In nature there are seasons, orbits, cycles that have power. If a person came to me and asked me where to start as a witch – though I would first advise them to seek more experienced teachers – I might be inclined to suggest they start there. But the essential thing is seeing how un-separate we are from all of it. Humanity does not stand outside of nature; we are part of it. With practice, we can learn to live more in tune and in time with that truth.

We are part of the cycles without. The other half of the magical equation is the cycles within.

What are the chapters of your story? Where are the landmarks, and what souvenirs do you still hold? What’s been carried with you – whether a physical object, or a wound, or an insight – across the time and space of your inner cosmos?

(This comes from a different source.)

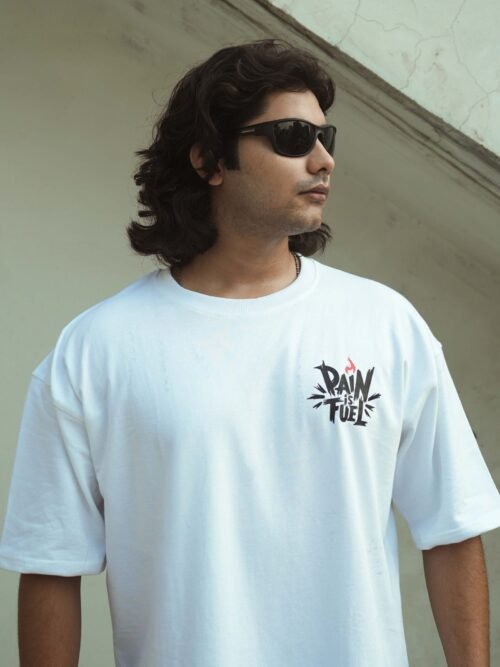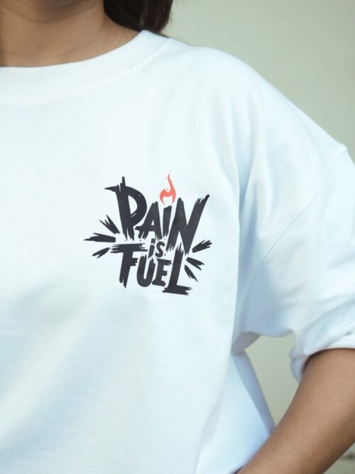 The “Pain is Fuel” tee is designed for those who turn struggle into strength. With a crisp white base and empowering text graphic on the front, this unisex oversized T-shirt delivers a mix of minimalism and raw energy. Made with 240 GSM premium cotton, it is both comfortable and durable for everyday wear.

Magically speaking, I often work with the power of narrative and memory. My house, in addition to being my shelter, is a personal museum of sorts, with a provenance behind every object – rarely discussed, but always there. Every trinket in the photo that accompanies this post is a personal talisman. An emblem of a certain time, a certain place, and a certain set of lessons.

There is power and magic in that, which can be called upon. And that is what I love about my chosen path – each practitioner’s journey, even though they’ll likely draw on many common resources from established traditions, is uniquely their own. Coloured by and amplified through the prism of their personal story.